Cohen nodded. “All right. Send in a strike force. Take him into custody.”


You
are the strike force,” said York, her expression grim. “We don’t have the skill set in the staff left in the Manhattan bunker.”

“Us?” said Savas incredulously.

“Your special ops teams are perfect for the job. This could be the kill shot to Bilderberg. You both
have
to be there.” Her face stared unblinkingly at them through the screen. “We’ve uploaded what known schematics of the place are available—campus map, entrances and exits, buildings. But there’s likely to be a hidden layer, like at the Bilderberg Hotel. There may be levels and structures buried in the bedrock we know nothing about.”

“And we have no sense of how fortified they are. We could be walking into a shooting gallery,” said Savas.

“Yes, you could.”

He placed his hand on his bandaged face. “Okay, how do we get there? I didn’t even think this through when we boarded the damn plane. Are the airports open? LGA is close.”

“Negative. Hastings controls it. Or did. It’s chaos on the ground still. Airport isn’t operational as far as we can tell.”

“Then what?” asked Savas, holding his arms in the air.

“Sergeant Williams, would you introduce yourself?” called out York loudly.

“Yes, ma’am,” came an authoritative voice behind them. A tall black woman stepped toward the screen. “HALO specialist Aisha Williams.”

“HALO?” asked Cohen.

“High Altitude Low Opening.”

Savas looked at the video feed. “You aren’t serious?”

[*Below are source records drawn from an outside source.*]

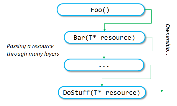 The above code is as usually very simple. In a real example, the ownership can be passed multiple levels down in the call stack hierarchy. The pointer might be even stored in some object that lives much longer than the ‘creation’ point. We could invent lots of examples here. See the picture below that shows many layers where the resource might be processed and eventually released.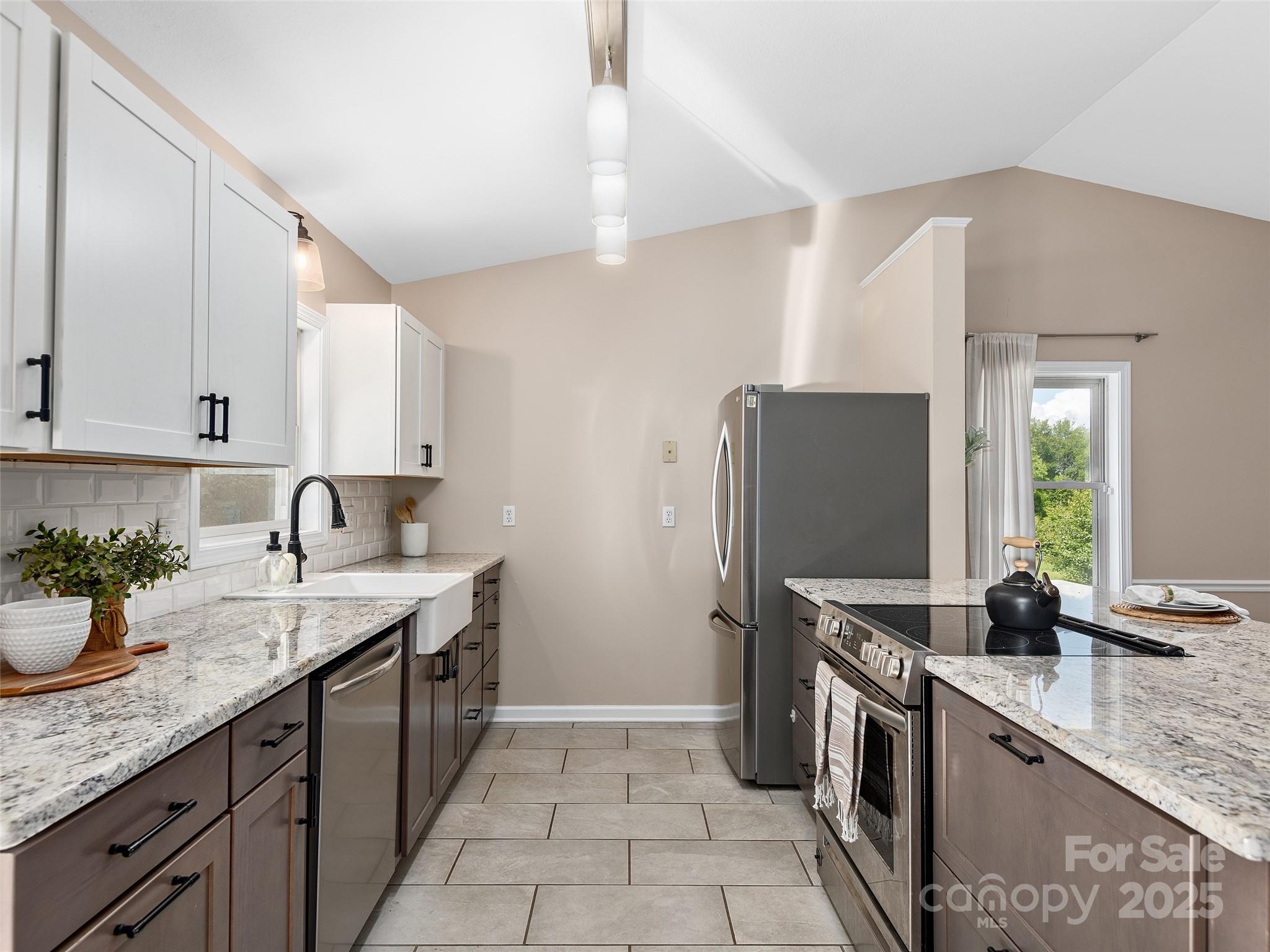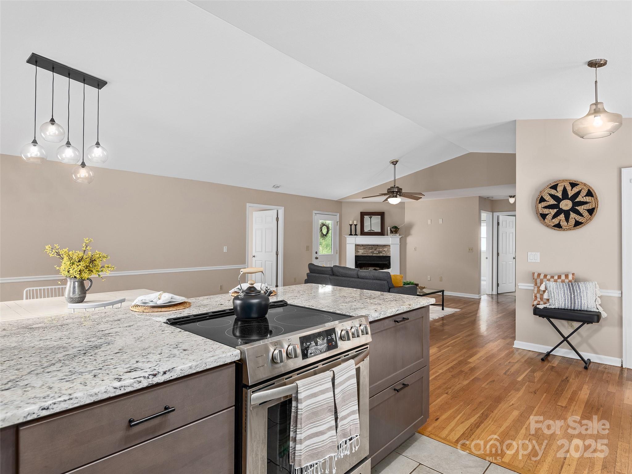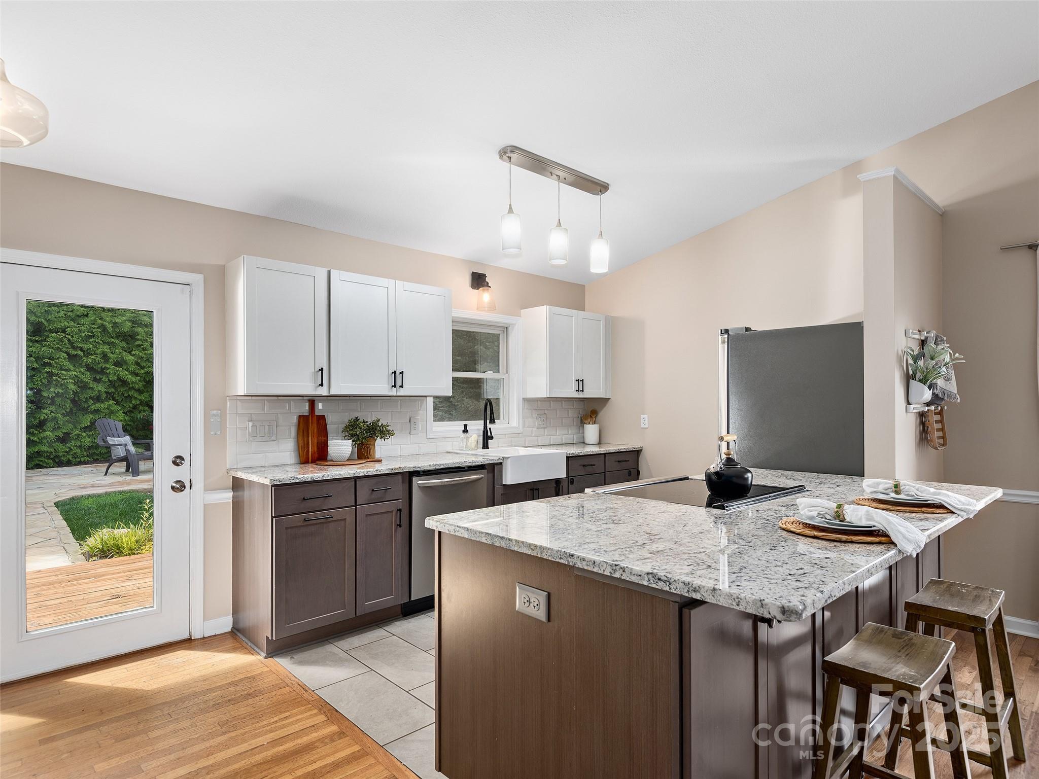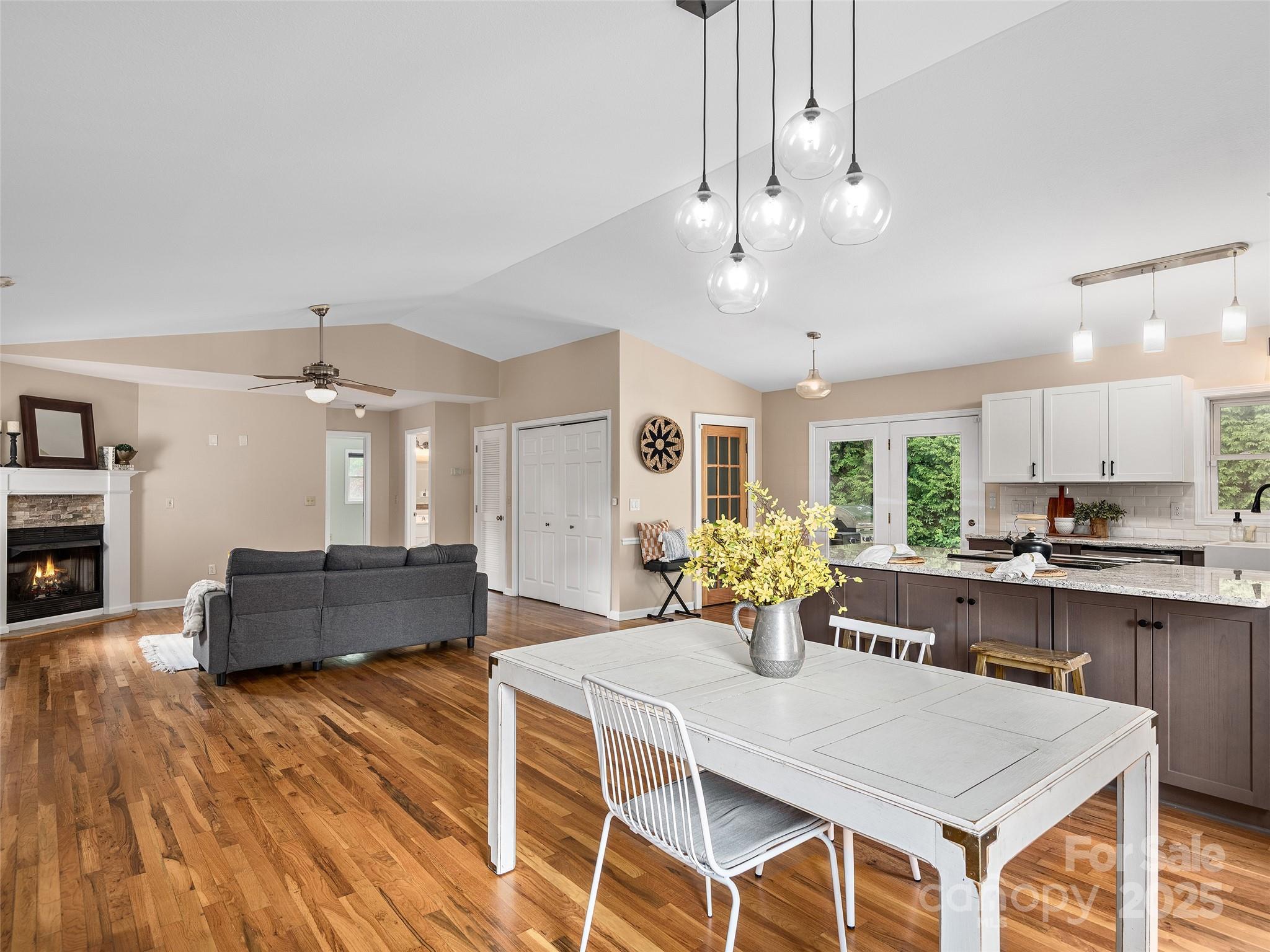 Perfect blend of comfort, style, and function in this inviting and updated 3BR/2BA home just minutes from downtown Waynesville. The spacious great room with a cozy fireplace flows effortlessly into the beautifully remodeled kitchen, featuring custom cabinetry, granite countertops, a farm-style sink, and a breakfast bar—ideal for entertaining or casual dining. The open floor plan creates a bright and welcoming atmosphere, while the primary suite offers a peaceful retreat with a walk-in closet and a modern bath showcasing a luxurious walk-in shower. Enjoy the convenience of main-level laundry and the versatility of a lower-level flex room, perfect for crafting, workouts, or a home office. Step outside to a private fenced backyard with a lovely stone patio—perfect for outdoor dining, relaxation, or gardening. The inviting front porch is the perfect place to start your day with morning coffee. Spectrum high-speed internet keeps you connected, and with an unbeatable location just 3.5 miles from Main Street Waynesville, you’ll enjoy the best of quiet living and town convenience. Ideal for a full-time residence or a second-home retreat!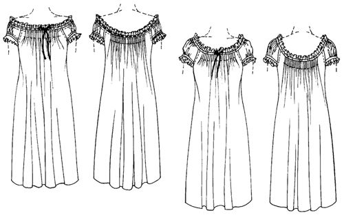 Suggested fabrics: Light-weight cottons and blends such as batiste, lawn, voile, gauze or eyelet; handkerchief linen; silks such as crepe de chine; rayon challis. Originals were made of lightweight muslin or linen.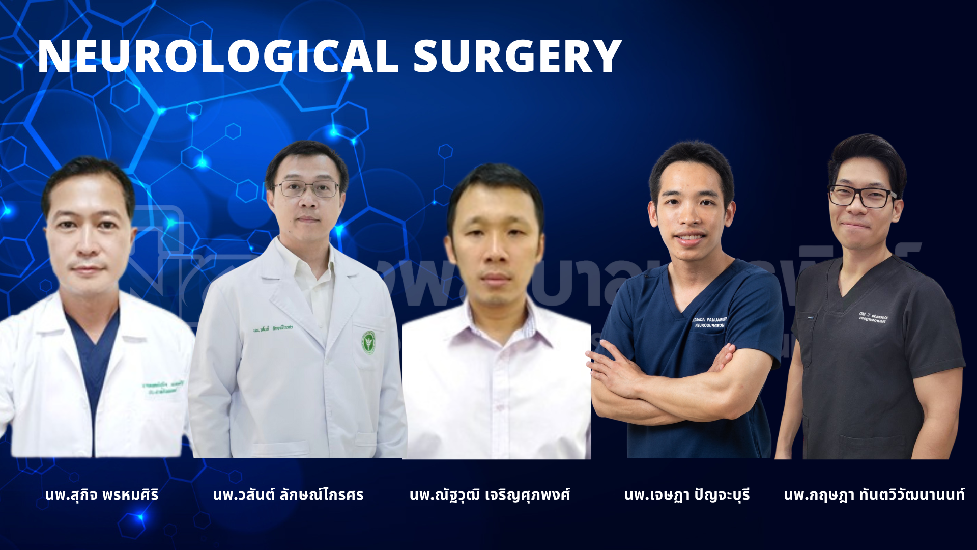| ศัลยกรรมระบบประสาทและสมอง | นพ.สุกิจ พรหมศิริ นพ.วสันต์ ลักษณ์ไกรศร นพ.ณัฐวุฒิ เจริญศุภพงศ์ นพ.เจษฏา ปัญจะบุรี นพ.กฤษฎา ทันตวิวัฒนานนท์ |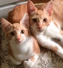 Mac-n-Cheese. You won't be able to resist this dynamic duo. These 5 month old brothers (born end of March) are as sweet as they come. They eat together, play together, sleep together and are basically attached at the hip. They are super friendly and love hugs and kisses from their foster mom. They're happy, easy going and ready for their forever home.

Williams continued. “We’ll jump about thirty-five miles out from the island, sir. At forty thousand feet and this airspeed, we’ll need a good distance to land on target. Give it three to four minutes for the drop. But it keeps the aircraft out of SAM range and minimizes possible flak.”

“In case Hastings is watching,” added York over the speakers.

“Jump?” Cohen asked, her eyes widening.

“Three teams,” said Williams. “You’ll both have chaperones. They’ll steer you with the groups until we touch down.” Savas and Cohen simply stared at her. “We’ve only got an hour to the drop point, and we need to get you both on oh-two as soon as possible.”

“Oxygen? Why?” asked Savas.

“Purge the nitrogen from your blood, sir. You can’t just jump at forty-K. Pressure’s too low. You’ll get the bends.”

Cohen turned an incredulous look to Savas. “Nitrogen bubbles in the blood,” she said, swallowing.

“Hurts like hell, sir, and could kill you.”

Savas stared at the soldier. “And assuming we survive this madness, where are you intending to put us down?”

“Central Park,” said Williams. “Lots of open space there.”

“Surrounded by skyscrapers,” he said.

“We’ve done worse, sir,” said Williams.

Savas stared toward the ceiling. “You’ve got to be kidding me.”

York smiled on the screen. “Good hunting, all of you. Bring us back a trophy.”